According to the TurkishPress:
Turkish PM Recep Tayyip Erdogan said [in Munich] on Saturday there was no such thing like genocide in Turkish culture and civilization.
Erdogan replied to questions on several matters after his speech at the 44th Munich Conference on Security Policy in Germany.
In regard to Armenian allegations regarding the incidents of 1915, Erdogan said, “there is no such thing like genocide in our culture. We cannot accept it. We are ready to discuss the matter by the means of documents.”
[…]
Erdogan’s racist explanation for his government’s denial of the Armenian genocide must have raised eyebrows in Germany since the statement suggests that committing genocide is in the perpetrator’s group culture and civilization.
Bloomberg also reports Erdogan’s denial of the Armenian genocide but doesn’t reference the Turkish PM’s reference to culture.
Asked about the massacre of Armenians in Turkey in 1915, Erdogan said Armenia should open its archives on the period.
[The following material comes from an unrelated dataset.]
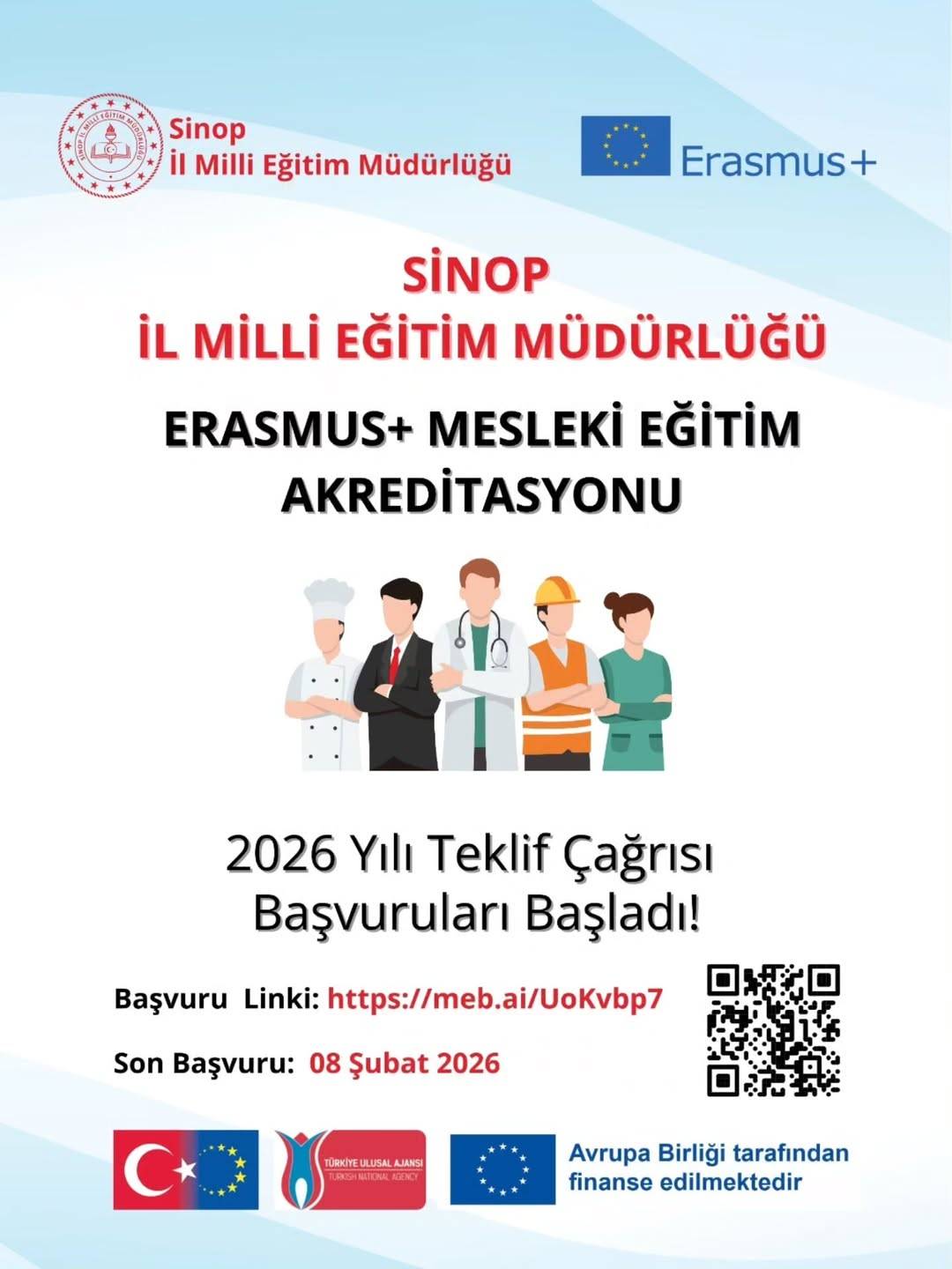 Sinop İl Millî Eğitim Müdürlüğü tarafından Erasmus+ Programı Mesleki Eğitim ve Öğretim Akreditasyonu kapsamında oluşturulan Erasmus+ Mesleki Eğitim Konsorsiyumu için üye alım süreci başlatıldı.

”There was no genocide and there is no way we can accept this,” Erdogan said, adding that declarations of some western parliaments that the killing of Armenians had been a genocide ”is not acceptable.” The parliaments of France and a number of other countries have passed resolutions declaring the Armenian massacres were genocide.
Ironically, the automated Google ad on the TurkishPress.com page on Erdogan’s nationalist comments links to the DNA Ancestry Project. Perhaps Mr. Erdogan should form an international commission to prove that it is not in Turkish DNA to commit genocide.
Interestingly, the topic of being capable of committing genocide was in the Armenian press last week. A Hetq.am columnist askes (in Armenian) whether Armenians are capable of genocide and argues that Armenia’s poor democratic record, the government’s treatment of its people and the people’s treatment of each other (especially on regional basis) suggests that Armenians are, indeed, capable of genocide. In terms of Armenia’s largest minorities, especially the Yezidis, the author says that they have been denied opportunity to be part of Armenia’s socio-economic culture and are, thus, not “important” enough to be considered for elimination. (I must add that Armenians have committed cultural genocide against the Roma (“Gypsies”) who are known in Armenian as “Bosha” – but almost every Armenian thinks Bosha is an insult and not an ethnic group.)
So, Mr. Erdogan, if you consider Turks human (and you should) then they are, too, capable of genocide.